I brani sono per la maggioranza quelli che andranno a far parte del secondo album Brianzacore, alcuni dei quali sono già usciti come singoli; tra queste anche “Berlino Est”, apparsa sulle piattaforme proprio la sera del concerto e già conosciuta perfettamente da qualche irriducibile sotto il palco. C’è anche qualcosa dall’esordio omonimo del 2019 e in generale è una prova convincente, i brani scorrono via dritti e senza fronzoli, le basi (che in assenza di tastiere e di chissà quali soluzioni di arrangiamento sono quelle che caratterizzano maggiormente la personalità dei vari pezzi) si sentono poco e questo rende forse il tutto un po’ troppo omogeneo, unitamente anche a qualche problemino di intonazione da parte di Francesco Redaelli.
Per il resto comunque funziona bene, le canzoni hanno buone potenzialità e almeno un paio la forza sufficiente per diventare delle hit. Aspettiamo il nuovo disco ma, al netto di un genere ormai trito e ritrito, questi Finnegans potrebbero riuscire a dire la loro.
Cambio palco veloce ed ecco i Laguna Bollente. Dunia Maccagni ed Elia Fabbro li avevamo già raccontati nell’intervista di quest’estate: lei è di Cesenatico, lui di Pordenone, si sono incontrati a Venezia e sono divenuti partner artistici e compagni di vita. Il loro è un progetto che sembra uscito direttamente dal DIY di fine Seventies: Ep pubblicati su cassetta, la partecipazione ad un collettivo artistico che realizza grafiche e fanzine, nessuna presenza sui Social (giusto un paio di video e un’intervista), una generale aurea di mistero che ne rende ancora più affascinanti i contenuti.
Sul palco poco appariscenti e molto rilassati, Dunia che canta e suona la chitarra, il sorriso stampato in faccia e una noncuranza disarmante nel cantare testi che, al di là del linguaggio crudo e dell’ironia cinica, esplorano tematiche importanti e non banali dal punto di vista socioculturale. Elia suona il basso e canta le seconde voci, tutto il resto lo hanno fatto a casa loro e lo mandano in base, purtroppo questa sera con qualche problemino tecnico, visto che l’impianto trasmette i suoni registrati a mezza potenza ma i due se ne rendono conto solo alla fine.
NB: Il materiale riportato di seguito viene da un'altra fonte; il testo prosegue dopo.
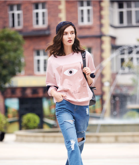 本想美美的秀一秀小身材,结果惹来撕破的牛仔裤。前史的经历通知咱们,牛仔面料是耐脏耐破的好挑选,这时你就需要一件粉色长袖卫衣来调配褴褛元素的牛仔裤,不只能衬托出芳华减龄的感受,还不显得负担。加上怪眼图画的规划投身于粉嫩的卫衣上,全部画风都随之变得小清新起来了。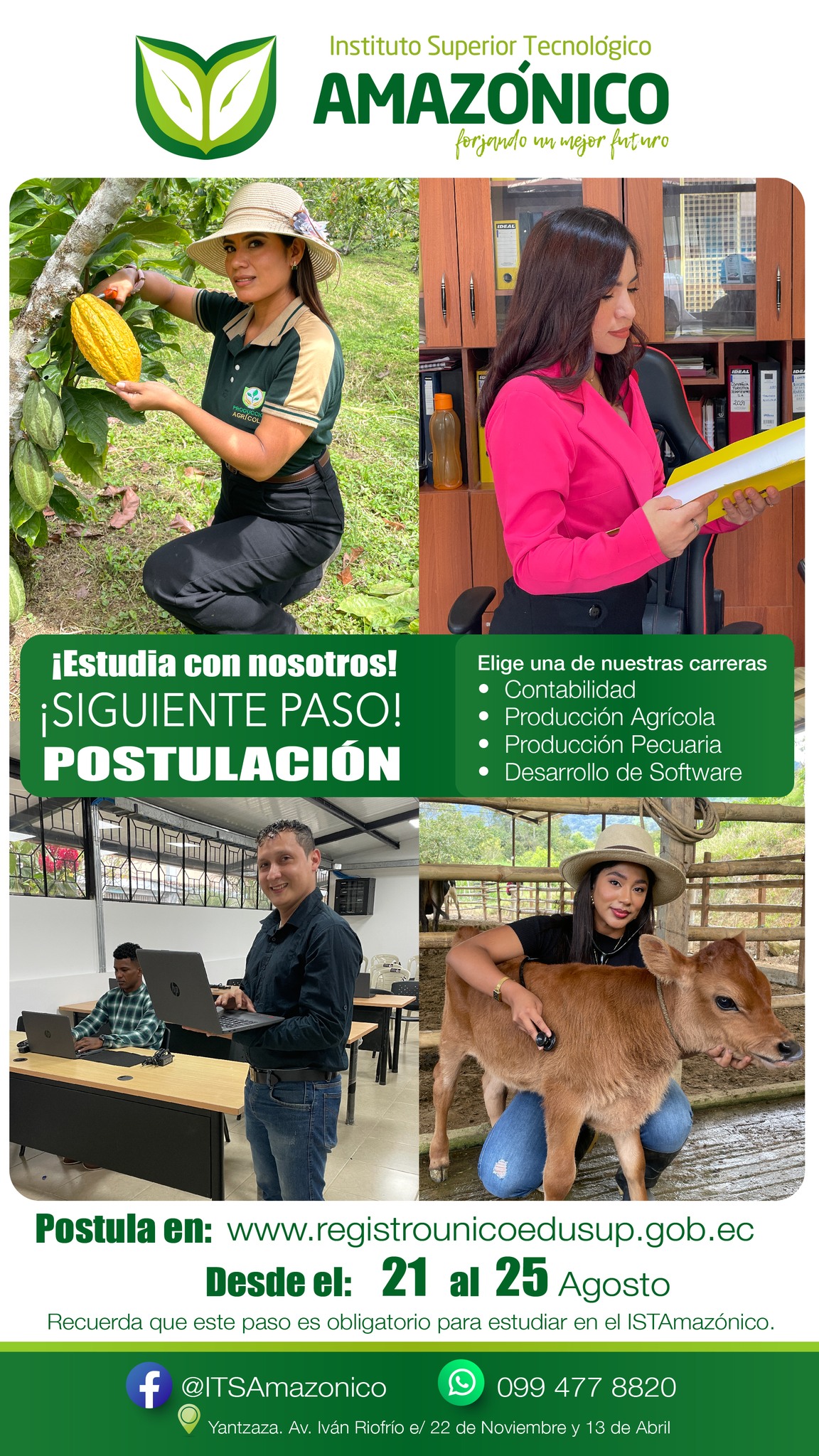 ¡Es momento de postular a una carrera en el INSTITUTO SUPERIOR TECNOLÓGICO AMAZÓNICO, el único instituto público de Zamora Chinchipe!

Catalogarli non è facile: Post Punk e New Wave sono sicuramente i linguaggi a loro più congeniali ma la voluta trasandatezza del vestito sonoro e lo sfondo a metà tra il demenziale e il nonsense di alcune situazioni narrate rendono complicato e forse inutile ogni tentativo di incasellamento.
Anche il loro è un set diretto e senza troppi abbellimenti, le canzoni sono ottime, si prestano al singalong e la cassa dritta in molti punti favorisce il movimento del pubblico. Non hanno un repertorio molto vasto, per cui nella mezz’ora abbondante a loro disposizione esauriscono tutte le tracce dei due Ep “Discocesso” e “Nord Sud Ovest Sert” (dai titoli già si capisce molto), con i presenti che conoscono e cantano la maggior parte dei brani. Difficile citare qualche titolo anche se indubbiamente “Latta”, “Radicale”, “Schiaffi” e “Saluti e sputi” sono quelli che permettono di inquadrare meglio la proposta del duo. Ovviamente non manca “Joan Mirò”, vero e proprio manifesto sonoro nonché brano più amato dai fan; viene risuonato alla fine e per la prima volta dopo un anno e mezzo vedo qualcuno pogare ad un concerto. Sono ormai troppo vecchio per partecipare ma direi che è stato lo stesso impagabile.
Difficile prevedere come andrà a finire (anche perché siamo in un periodo in cui gli artisti stranieri continuano a spostare i tour o comunque a non passare dall’Italia) ma è indubbio che serate come queste servano più che mai, anche solo ad infondere coraggio negli addetti ai lavori, nella convinzione che davvero questo ostacolo verrà superato.